PROVIDED DATA:

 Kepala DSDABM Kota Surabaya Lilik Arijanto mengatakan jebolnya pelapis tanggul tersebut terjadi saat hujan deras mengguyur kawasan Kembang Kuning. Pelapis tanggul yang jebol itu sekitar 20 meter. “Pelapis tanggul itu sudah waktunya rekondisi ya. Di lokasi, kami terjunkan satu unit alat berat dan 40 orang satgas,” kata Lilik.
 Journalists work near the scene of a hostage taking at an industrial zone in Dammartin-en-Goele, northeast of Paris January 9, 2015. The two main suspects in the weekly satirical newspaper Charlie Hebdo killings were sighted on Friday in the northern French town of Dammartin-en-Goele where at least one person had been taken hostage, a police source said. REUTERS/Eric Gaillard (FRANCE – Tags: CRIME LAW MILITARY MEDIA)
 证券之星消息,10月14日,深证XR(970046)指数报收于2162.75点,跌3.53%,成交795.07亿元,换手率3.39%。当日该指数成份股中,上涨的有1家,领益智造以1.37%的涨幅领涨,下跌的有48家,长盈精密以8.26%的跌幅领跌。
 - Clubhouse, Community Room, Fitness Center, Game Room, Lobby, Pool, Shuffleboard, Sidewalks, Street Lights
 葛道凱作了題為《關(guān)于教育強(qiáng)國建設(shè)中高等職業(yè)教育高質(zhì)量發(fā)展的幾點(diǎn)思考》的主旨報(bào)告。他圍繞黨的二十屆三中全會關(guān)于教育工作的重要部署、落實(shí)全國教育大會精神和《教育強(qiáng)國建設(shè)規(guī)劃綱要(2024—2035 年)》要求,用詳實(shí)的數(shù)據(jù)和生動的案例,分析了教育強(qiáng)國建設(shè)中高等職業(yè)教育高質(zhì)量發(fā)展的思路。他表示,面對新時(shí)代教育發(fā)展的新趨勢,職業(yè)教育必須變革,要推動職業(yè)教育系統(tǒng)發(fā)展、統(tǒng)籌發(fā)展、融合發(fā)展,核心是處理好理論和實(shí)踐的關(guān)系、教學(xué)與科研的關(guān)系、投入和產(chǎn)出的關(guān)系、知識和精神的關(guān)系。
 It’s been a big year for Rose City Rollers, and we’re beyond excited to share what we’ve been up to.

--

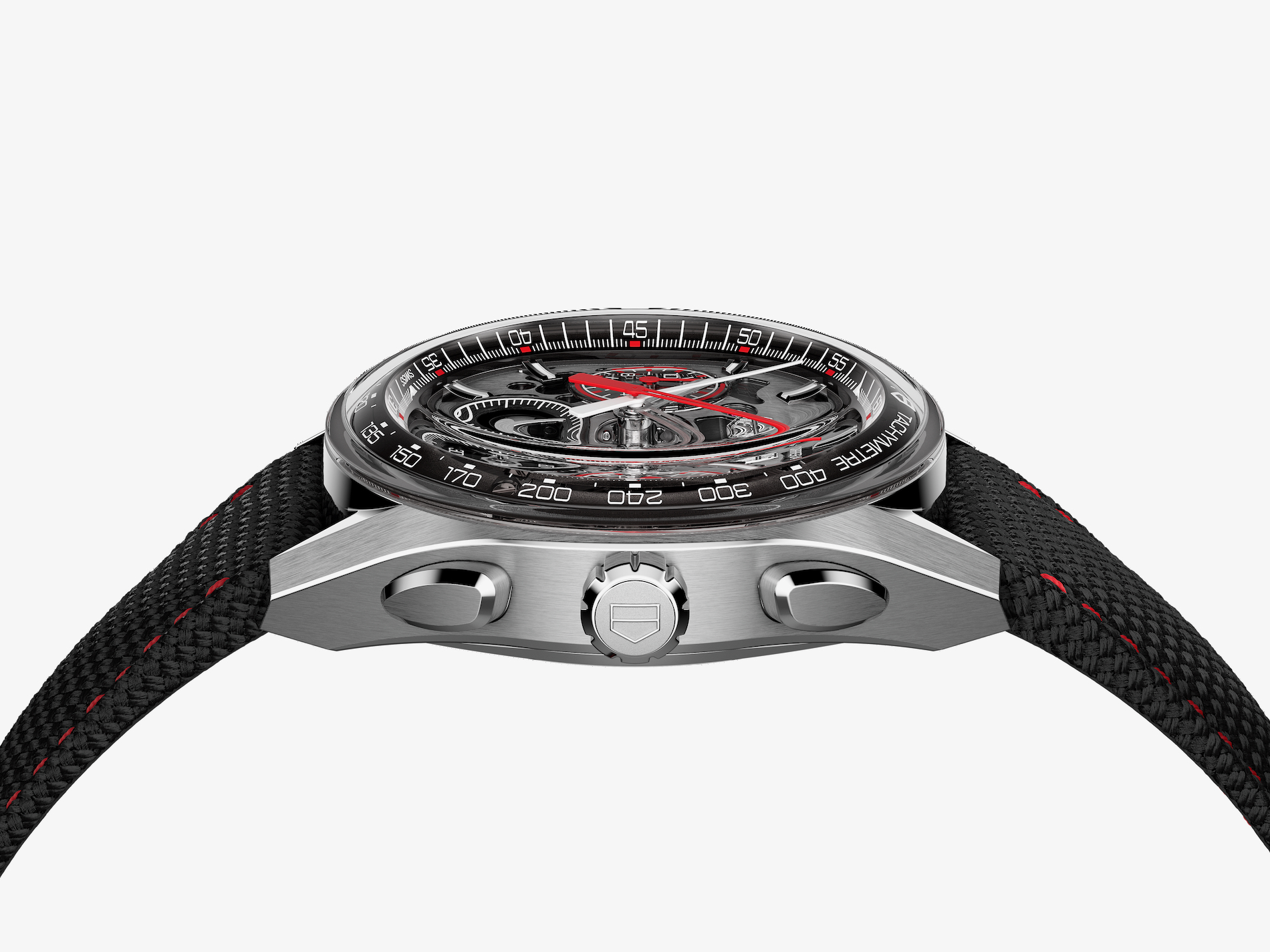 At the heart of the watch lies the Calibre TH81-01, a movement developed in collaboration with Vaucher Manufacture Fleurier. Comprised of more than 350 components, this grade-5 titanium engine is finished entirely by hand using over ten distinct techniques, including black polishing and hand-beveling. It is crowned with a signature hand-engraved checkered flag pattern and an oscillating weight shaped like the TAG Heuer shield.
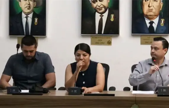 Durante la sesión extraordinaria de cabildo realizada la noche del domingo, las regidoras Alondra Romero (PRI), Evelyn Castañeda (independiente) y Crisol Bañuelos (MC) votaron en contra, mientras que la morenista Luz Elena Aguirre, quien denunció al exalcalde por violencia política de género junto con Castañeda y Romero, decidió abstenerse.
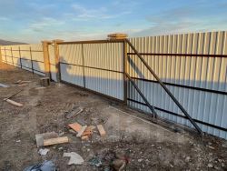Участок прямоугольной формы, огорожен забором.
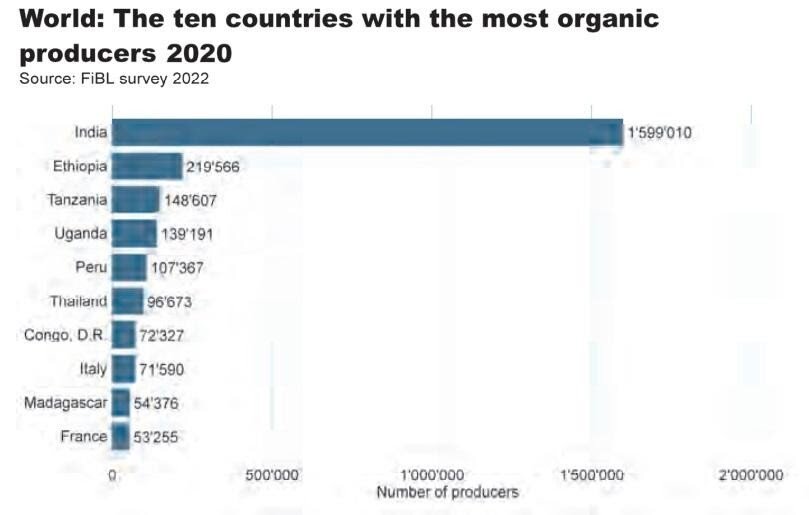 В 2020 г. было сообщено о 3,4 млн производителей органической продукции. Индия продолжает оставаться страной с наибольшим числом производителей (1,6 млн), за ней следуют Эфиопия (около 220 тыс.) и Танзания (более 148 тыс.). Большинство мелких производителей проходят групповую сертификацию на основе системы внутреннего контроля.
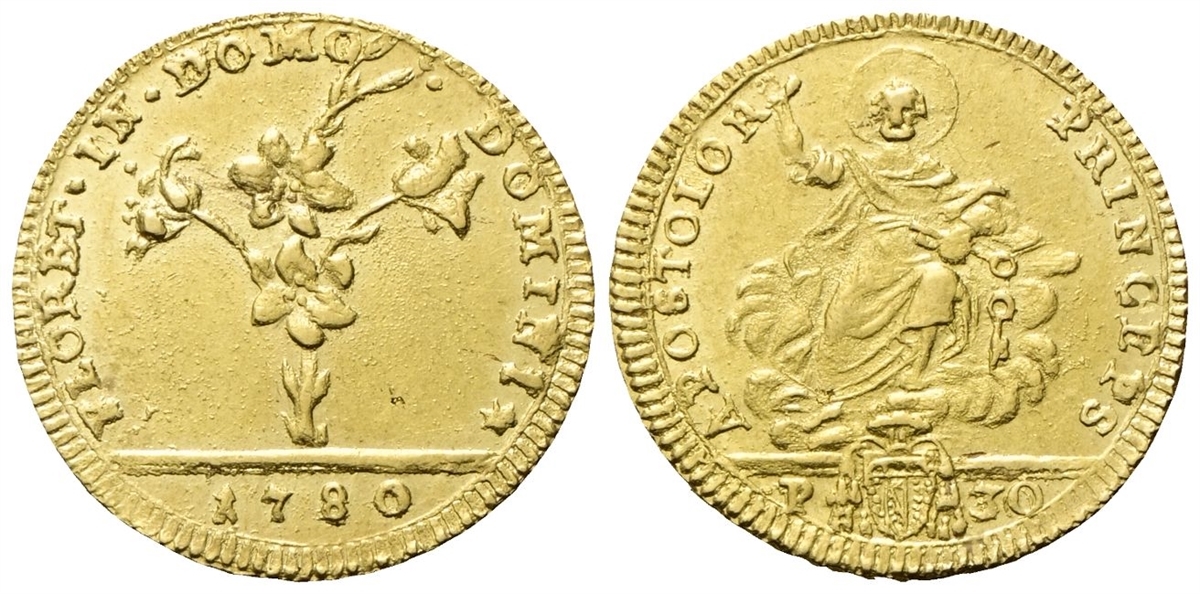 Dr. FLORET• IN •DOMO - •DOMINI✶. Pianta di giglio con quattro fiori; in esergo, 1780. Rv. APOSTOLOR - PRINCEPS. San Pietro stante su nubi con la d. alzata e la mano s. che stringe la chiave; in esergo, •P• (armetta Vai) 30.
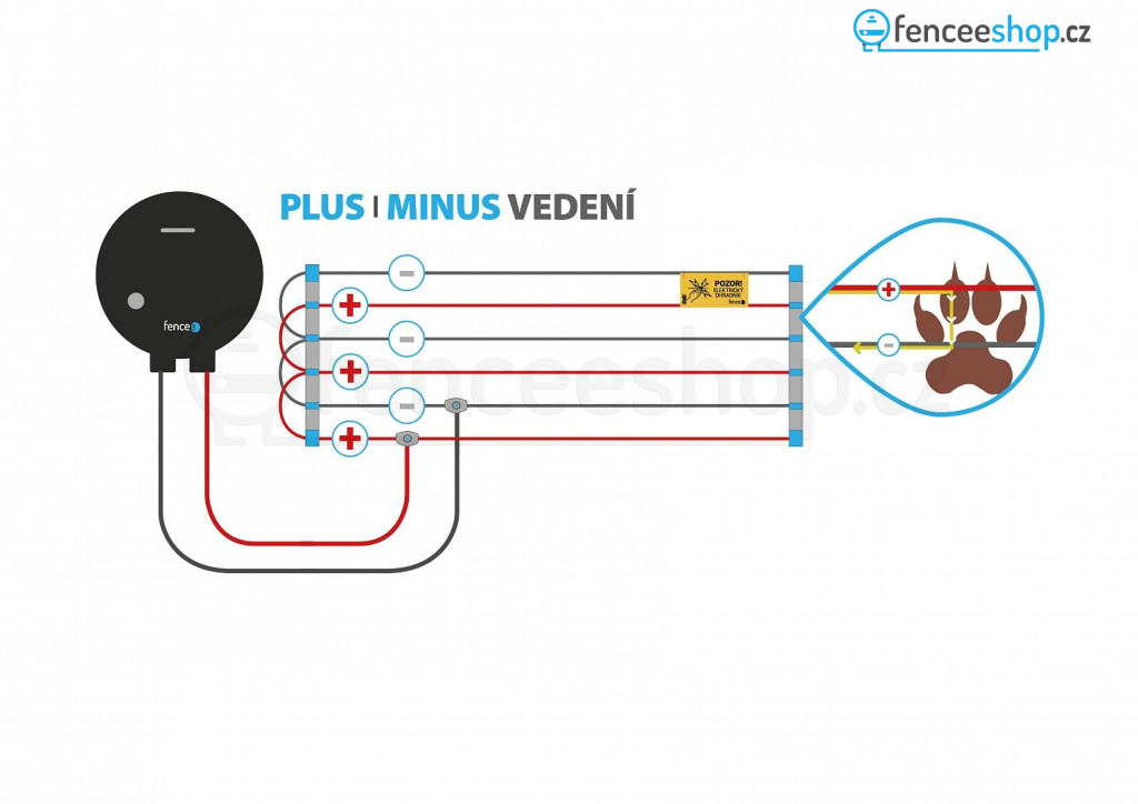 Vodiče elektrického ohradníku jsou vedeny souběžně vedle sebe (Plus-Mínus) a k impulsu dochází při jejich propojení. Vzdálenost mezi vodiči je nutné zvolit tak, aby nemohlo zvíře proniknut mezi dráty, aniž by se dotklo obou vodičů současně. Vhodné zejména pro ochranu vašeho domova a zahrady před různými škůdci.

PROBLEM:
Please output exactly the lines between the one holding "葛道凱作了題為《關(guān" and the one holding "It’s been a" in the records above, inclusive, and nothing more.

SOLUTION TO THIS PROBLEM:
 葛道凱作了題為《關(guān)于教育強(qiáng)國建設(shè)中高等職業(yè)教育高質(zhì)量發(fā)展的幾點(diǎn)思考》的主旨報(bào)告。他圍繞黨的二十屆三中全會關(guān)于教育工作的重要部署、落實(shí)全國教育大會精神和《教育強(qiáng)國建設(shè)規(guī)劃綱要(2024—2035 年)》要求,用詳實(shí)的數(shù)據(jù)和生動的案例,分析了教育強(qiáng)國建設(shè)中高等職業(yè)教育高質(zhì)量發(fā)展的思路。他表示,面對新時(shí)代教育發(fā)展的新趨勢,職業(yè)教育必須變革,要推動職業(yè)教育系統(tǒng)發(fā)展、統(tǒng)籌發(fā)展、融合發(fā)展,核心是處理好理論和實(shí)踐的關(guān)系、教學(xué)與科研的關(guān)系、投入和產(chǎn)出的關(guān)系、知識和精神的關(guān)系。
 It’s been a big year for Rose City Rollers, and we’re beyond excited to share what we’ve been up to.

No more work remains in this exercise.